Step 3: Distribute and Expand
Next, we need to distribute ln(7) on the left side of the equation:
-x * ln(7) + 8 * ln(7) = -4x * ln(8)
Step 4: Rearrange the Equation
Let's move all the terms containing x to one side and the constants to the other side. Add x * ln(7) to both sides:
8 * ln(7) = -4x * ln(8) + x * ln(7)
Step 5: Factor out x
Now, factor out x from the right side:
8 * ln(7) = x * (-4 * ln(8) + ln(7))
Step 6: Isolate x
To isolate x, divide both sides by (-4 * ln(8) + ln(7)):
x = (8 * ln(7)) / (-4 * ln(8) + ln(7))
This step is the culmination of our efforts to isolate x.
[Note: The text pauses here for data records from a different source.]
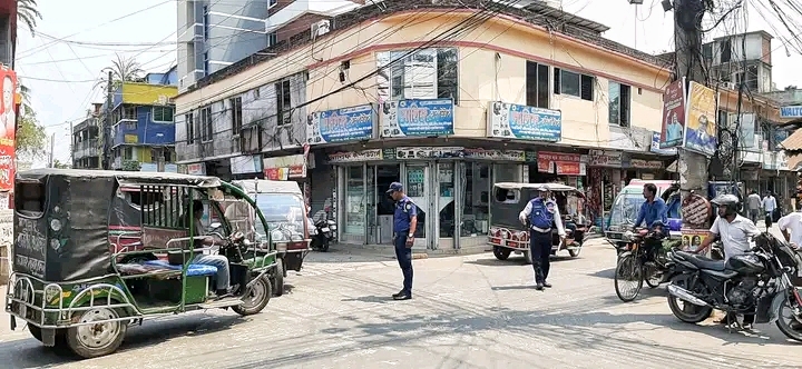 ঝালকাঠিতে তীব্র তাপদাহের মধ্যে উত্তপ্ত সড়ক ছাড়ছেন না ট্রাফিক পুলিশ।।
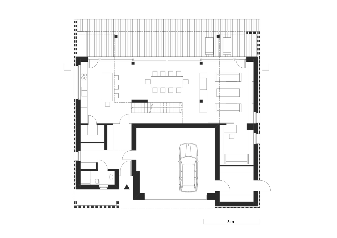 Iako se možda čini kao neuobičajeno rešenje da se garaža postavi u sredinu kuće, arhitekti objašnjavaju da je na taj način direktno povezana garaža sa ulaznim hodnikom, vešernicom, kotlarnicom i ostavom. Iznad garaže se nalaze dečije sobe i dodatno potkrovlje.
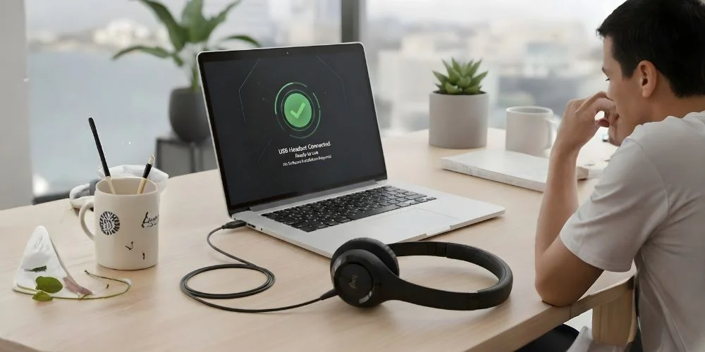Ensure the headset is selected as default audio output. If not, switch USB ports and check system sound settings.
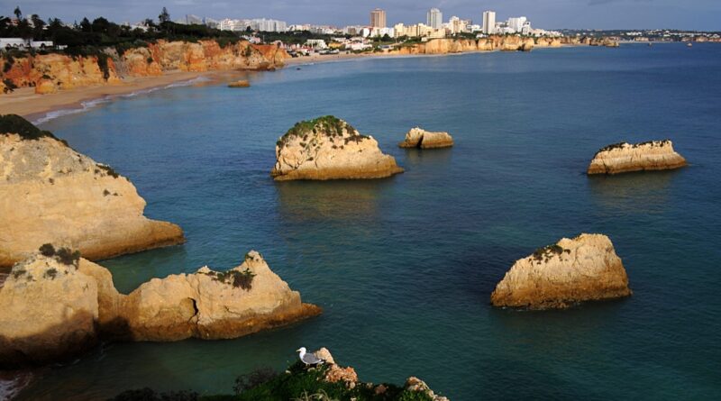 Temos à nossa frente toda orla costeira que vai desde a praia do Alemão, mais próxima, à Praia da Rocha, mais distante.
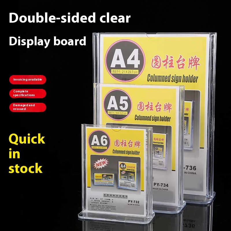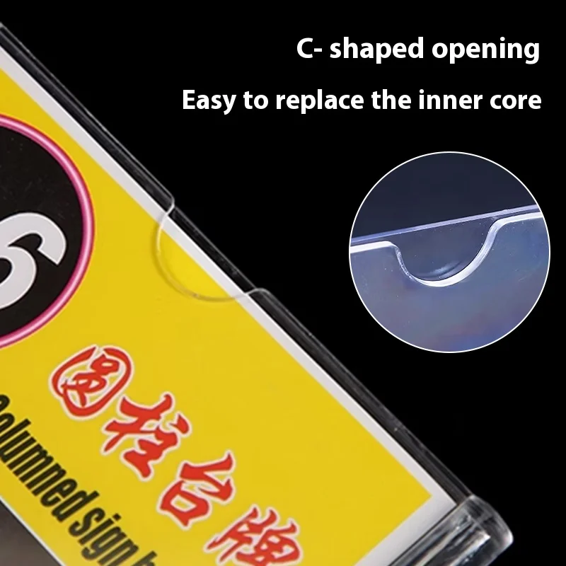 Fabricado con acrílico PS de alta calidad, su superficie es transparente y nítida, lo que hace que el texto e imágenes impresos aparezcan brillantes y fáciles de leer. Su transparencia lo convierte en una opción ideal para menús, listas de precios, programas de eventos o señales indicativas que deben comprenderse rápidamente. El material acrílico resiste mejor los arañazos y golpes que muchos tipos de vidrio o plásticos de menor calidad, lo que mantiene su aspecto impecable durante mucho tiempo. Al ser resistente al agua, pequeños derrames o salpicaduras no dañarán ni el soporte ni los materiales que contenga. Esta característica resulta especialmente útil para las personas que trabajan desde casa y pueden colocar bebidas cerca durante llamadas o mientras realizan sus tareas.
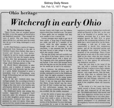When the day of the trial arrived, the townspeople gathered at what is now the intersection of State Routes 125 and 232. A heavy Bible was placed on one side of the scale, and Nancy Evans was seated on the other.
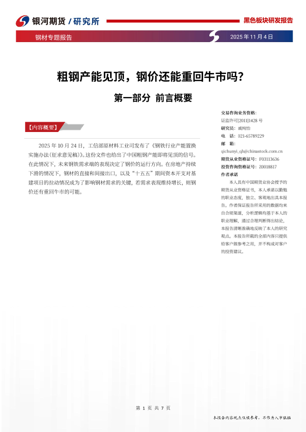 【银河期货】【202511】粗钢产能见顶,钢价还能重回牛市吗?-7页
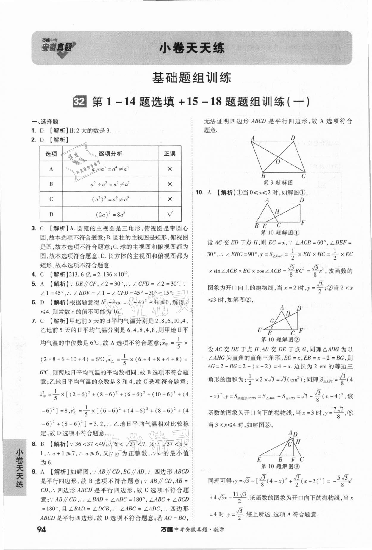 2021年万唯中考安徽真题数学

By dividing both sides of the equation by the expression in parentheses, we finally have x standing alone on one side. The expression on the other side gives us the exact value of x, which we can then approximate using a calculator. This isolation of x is the ultimate goal when solving any equation, and it’s a testament to the power of algebraic manipulation. The journey from the original exponential equation to this point has been a testament to the power of logarithms and algebraic techniques in unraveling mathematical problems.
Step 7: Calculate the Value of x
Using a calculator, we can find the approximate value of x:
x ≈ (8 * 1.9459) / (-4 * 2.0794 + 1.9459) x ≈ 15.5672 / (-8.3176 + 1.9459) x ≈ 15.5672 / -6.3717 x ≈ -2.443
Step 8: Round to the Nearest Thousandth
Rounding our answer to the nearest thousandth, we get:
x ≈ -2.443
Conclusion
So, the solution to the equation 7^(-x+8) = 8^(-4x), rounded to the nearest thousandth, is approximately -2.443. Solving exponential equations might seem tricky at first, but with a good understanding of logarithms and their properties, you can tackle them with confidence. Remember to apply the natural logarithm, use the power rule, and carefully isolate the variable. Keep practicing, and you'll become a pro at solving these types of equations!
For further exploration of exponential equations and logarithms, you might find valuable resources and explanations on websites like Khan Academy, which offers a wealth of educational content on mathematics.